AI Technical Summary

Benefits of technology

[0014] It is a further object of the invention to provide a medium for combinatorial experimentation that contains microwells that can hold an initial volume of fluid that is higher than the actual volume of the microwells, and that leads to a homogeneous distribution of components over the full area of the well after drying / curing / aging.

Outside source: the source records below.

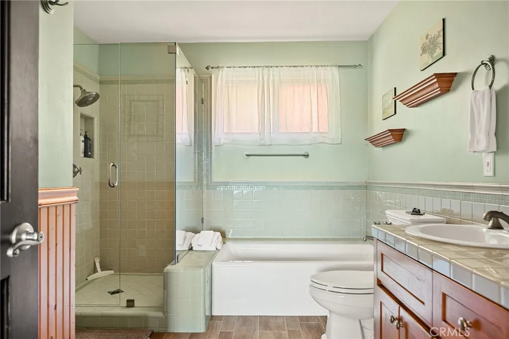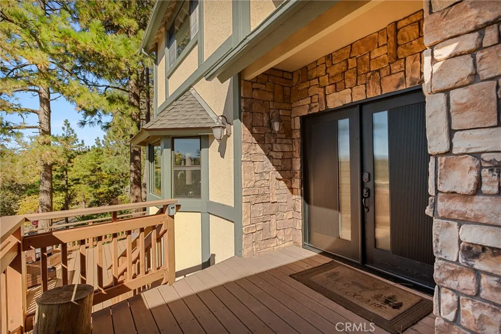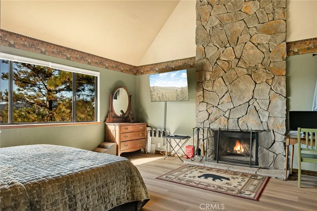 Remodeled Lake Arrowhead home with lake rights and a two-car garage. Lake and mountain views appear from multiple rooms, and the usable backyard extends the living space outdoors. Inside, the main level brings everyone together: an updated, open kitchen with solid-surface counters, refreshed lighting, and generous cabinetry flows to the dining area, where sliders open to a covered patio for year-round use. The living room centers on a classic brick fireplace, complemented by a bay-window bench that frames the view. The versatile layout offers four bedrooms plus a loft and an adjoining bonus room currently used as a fifth bedroom. The primary suite stands out with vaulted ceilings, a floor-to-ceiling stone fireplace, a spacious walk-in closet, and lake views. On the lower level, a large recreation room features wood-beamed ceilings, space for a pool table, a wet bar, and another fireplacewell-suited for gatherings or game nights. Outdoors, a terraced, low-maintenance yard pairs with a covered patio for easy indoor-outdoor flow. Located in Arrowhead Woods with lake rights, the property sits near trails, the Village, and marina amenities. Move-in ready and thoughtfully updated, it blends mountain character with modern conveniences.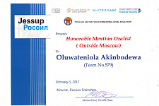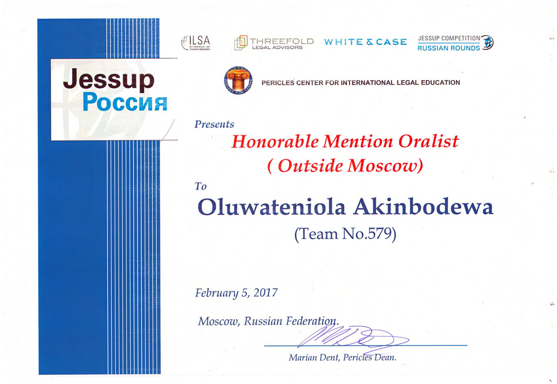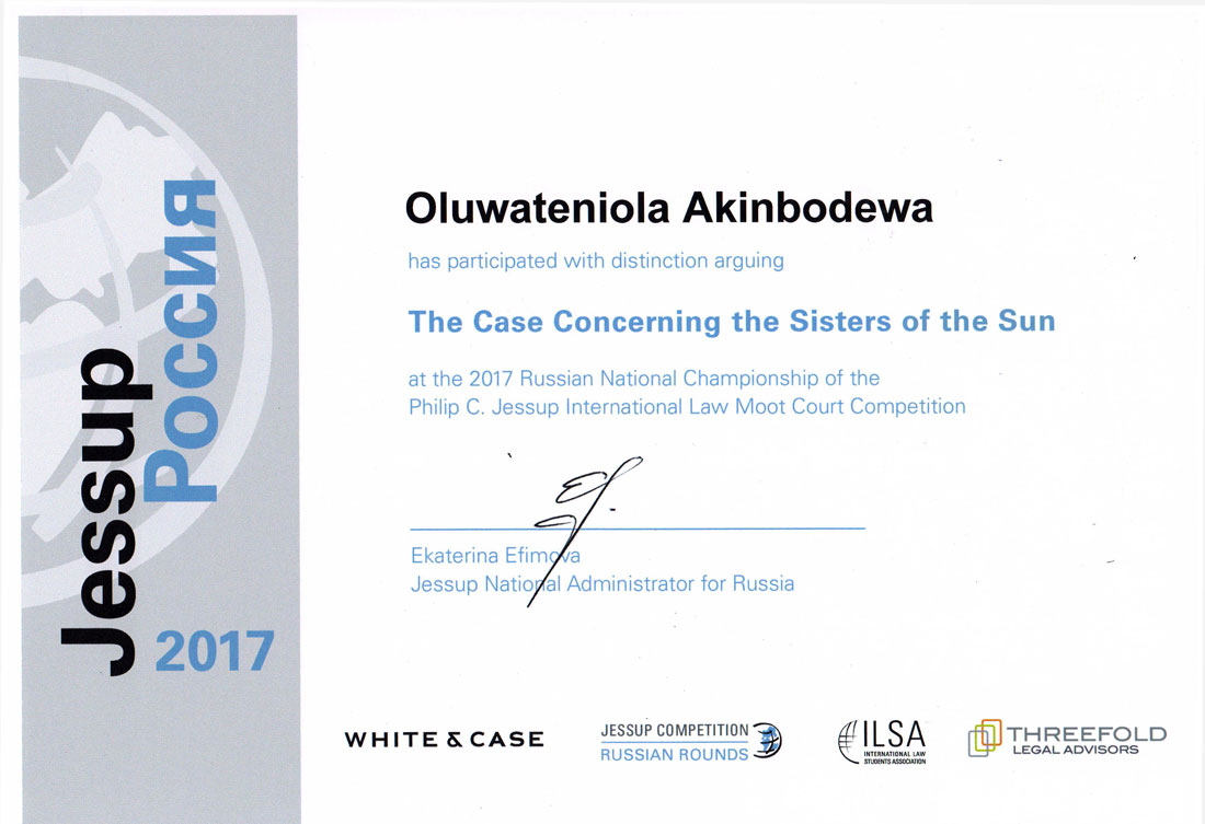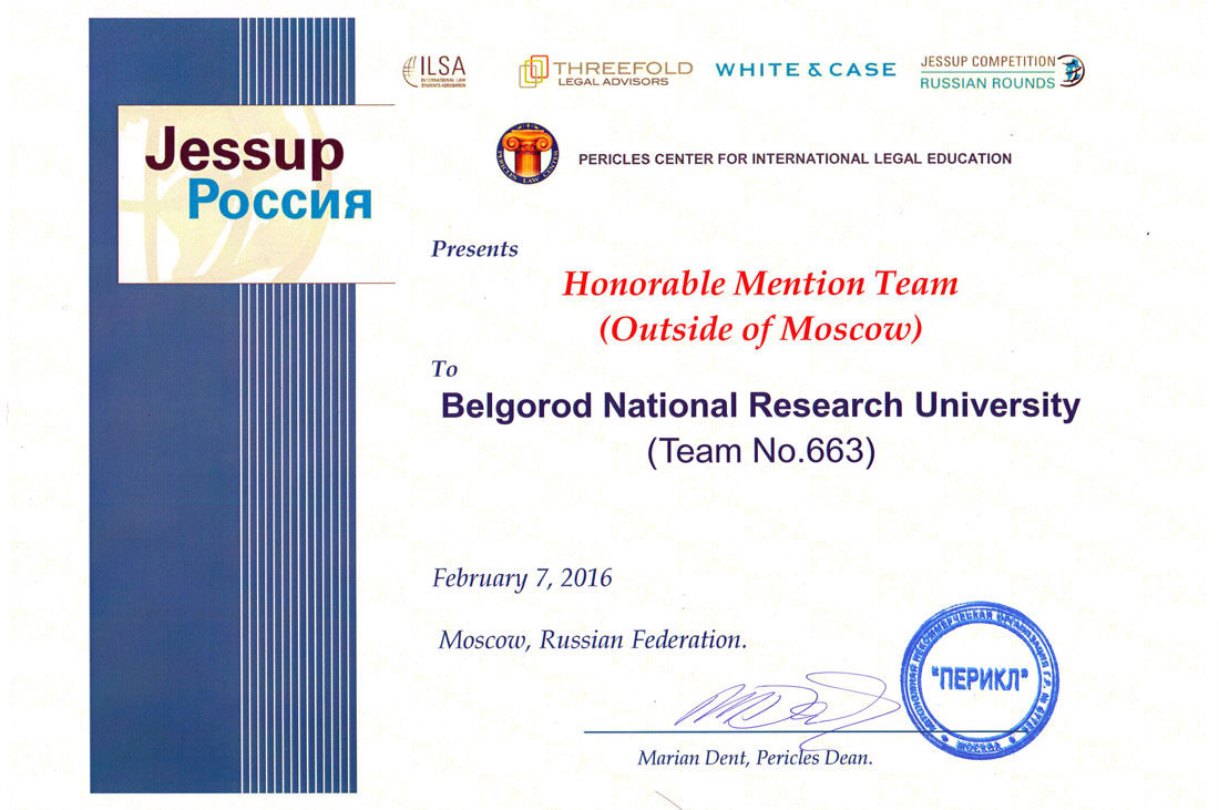 В 2016 году команда Юридического Института НИУ «БелГУ» получила диплом лучшей команды из нестоличного вуза России. В этом году престижной награды удостоилась Акинбодева Олуватениолла, ставшая лучшим игроком сезона из числа игроков команд, не вошедших в число призёров конкурса.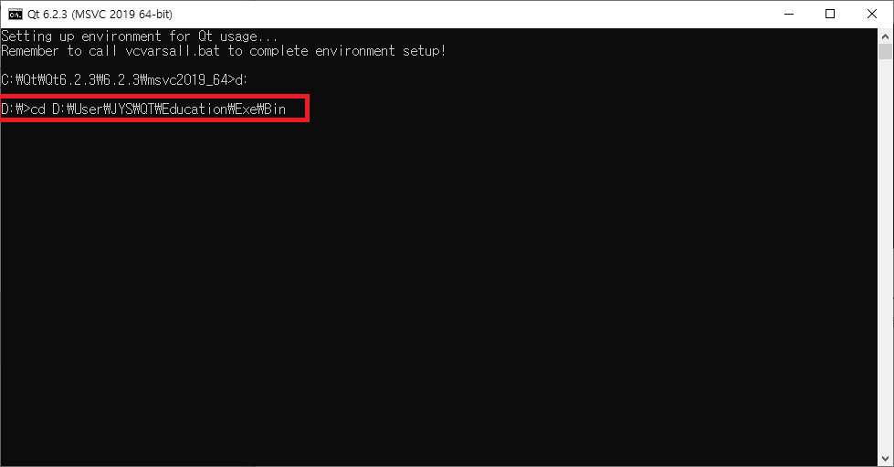 windeployqt GraphicEditor.exe을 입력하고 Enter키를 누릅니다.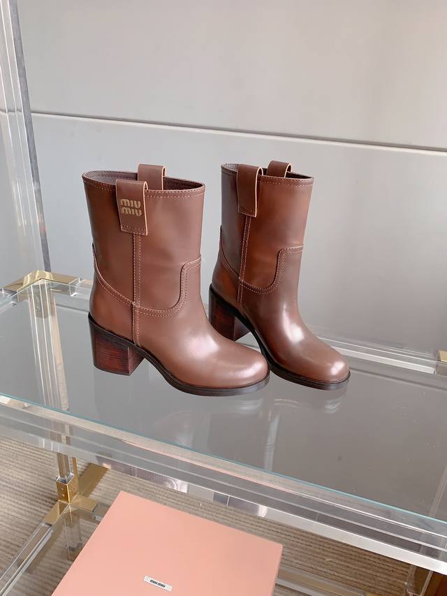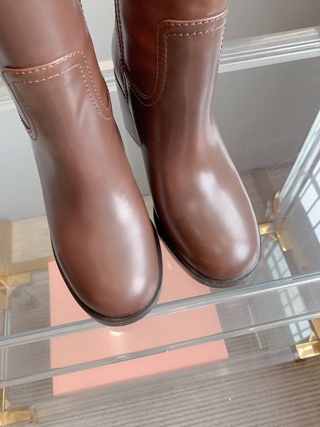 Miu新款粗跟直筒短靴 超好穿的版型 非常修饰腿型 上脚实在泰酷辣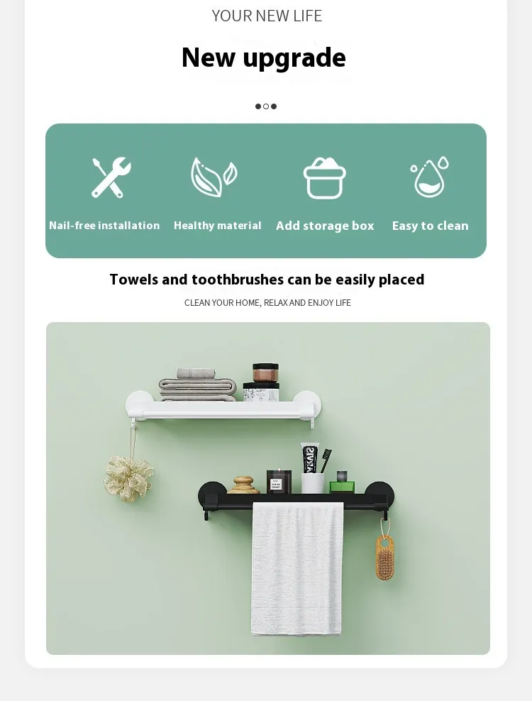 The Bathroom Storage Rack is the ultimate solution for anyone looking to organize their bathroom without the need for drilling or permanent installation. Its punch-free installation, durable plastic construction, and space-saving design make it the perfect choice for storing towels, robes, and other bathroom essentials. Whether you’re in a rental apartment, small home, or simply looking for a more efficient way to organize your bathroom, this rack provides a functional and stylish solution.
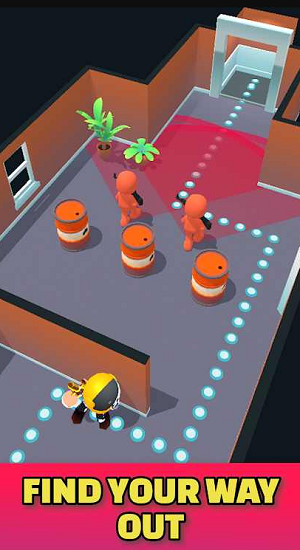 通过点击屏幕控制特工行动轨迹,在布满监控设施的场景中完成机密情报获取。鲜红色警示区域代表监控范围,玩家需运用战术思维规划移动路线。把握守卫巡逻的时间差,利用集装箱、通风管道等场景元素进行隐蔽移动。每个关卡都考验着玩家对时机的判断力和空间记忆能力。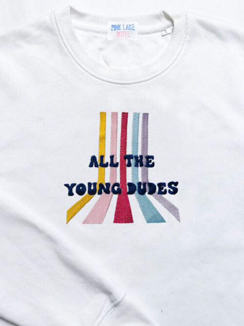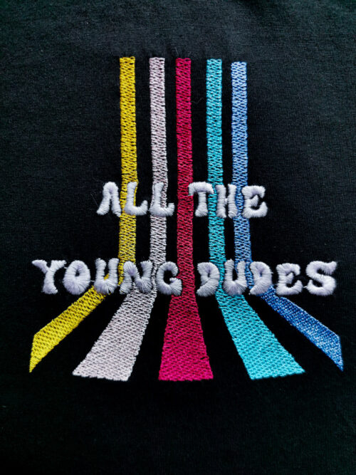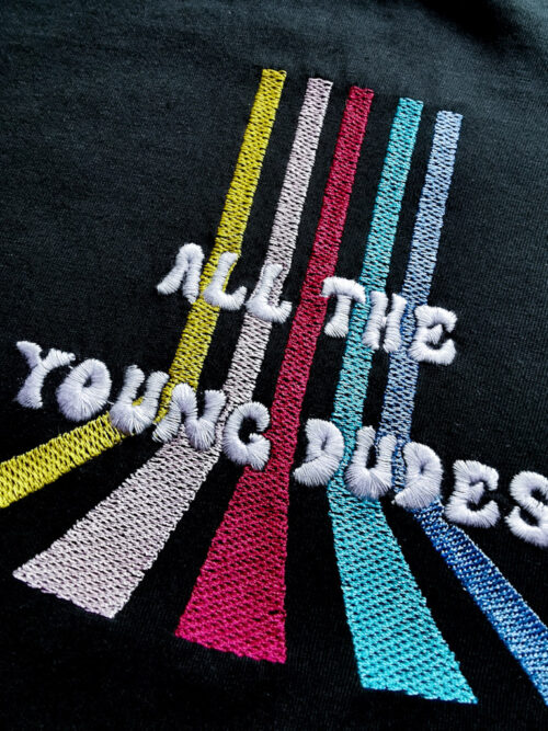 This garment is embroidered with “All the young dudes”, the fanfiction by MsKingBean89.
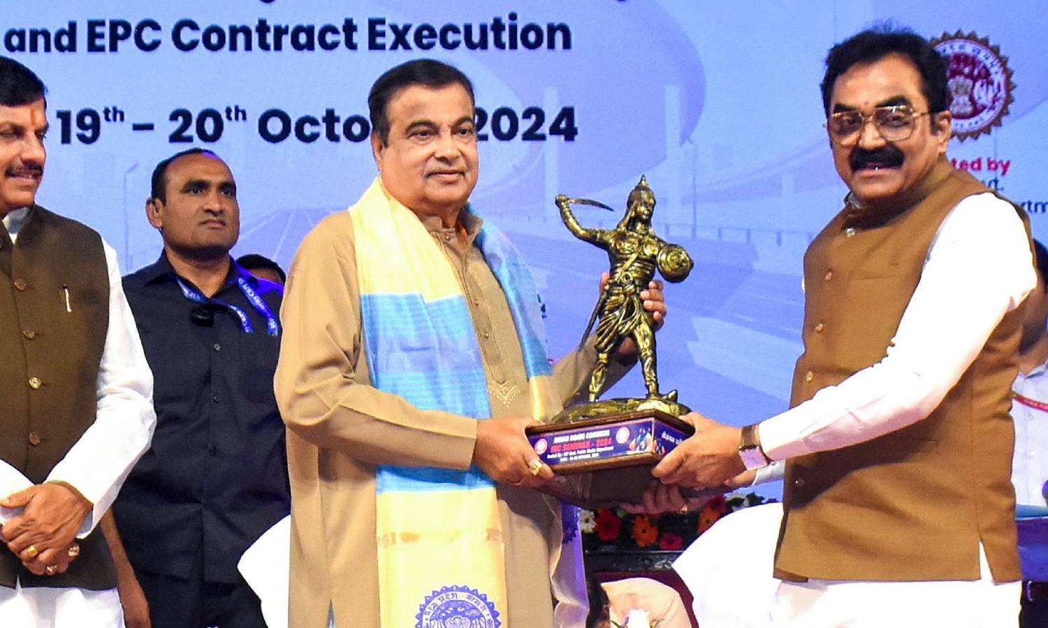 Union Minister Nitin Gadkari being felicitated by Madhya Pradesh Minister Rakesh Singh during the Indian Roads Congress (IRC) Seminar 2024, in Bhopal (PTI)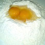 Vá misturando aos poucos a farinha com os ovos até formar um massa homogênea, amasse ela por certa de 10min. e depois enrole com papel filme e deixe descaçar por aproximadamente 1 hora.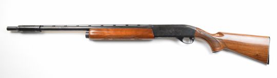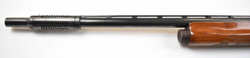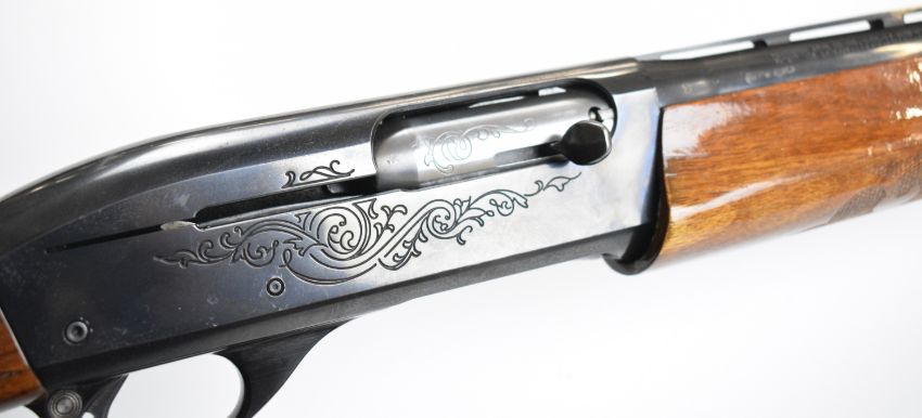 Remington Model 1100 12 bore 3-shot semi-automatic shotgun with ornately carved and chequered semi-pistol grip and forend, engraved lock and bolt, vented rib, Lyman Cutts compensator and 27.5 inch barrel, overall length 121.5cm, length of pull 35.5cm, serial number L709008V. PLEASE NOTE THAT A VALID RELEVANT SHOTGUN CERTIFICATE IS REQUIRED TO VIEW OR PURCHASE THIS LOT AND FOR ALL SHOTGUNS OR RIFLES PLEASE ENSURE YOU HAVE THE RELEVANT CERTIFICATE BEFORE BIDDING.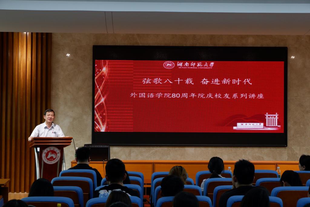 (通讯员张元强武泽文)6月11日下午,515报告厅举办“弦歌八十载,奋进新时代”80周年院庆校友系列讲座。拓集团董事长、我校广东江门校友会会长、太阳成官网94届英语系校友石秋带来《漫谈英语学习》的主题讲座。活动由学院党委贺慧星副书记主持,学生工作部向发意部长,学院党委余英书记,学工办张元强老师参加活动。

[0016] The objects of the invention are realised by providing a microtiter plate for combinatorial experimentation comprising a substrate and multiple microwells, arranged on said substrate in a predetermined pattern and separated from each other by separating zones, each microwell comprising a bottom and an upstanding surface formed by the adjacent separating zones and extending at most 500 .mu.m above the bottom, wherein the composition of said bottoms on the one hand and the composition of said separating zones and upstanding surfaces on the other hand show a different hydrophilicity, and wherein said bottoms have undergone a surface treatment to improve the dynamics of fluid spreading.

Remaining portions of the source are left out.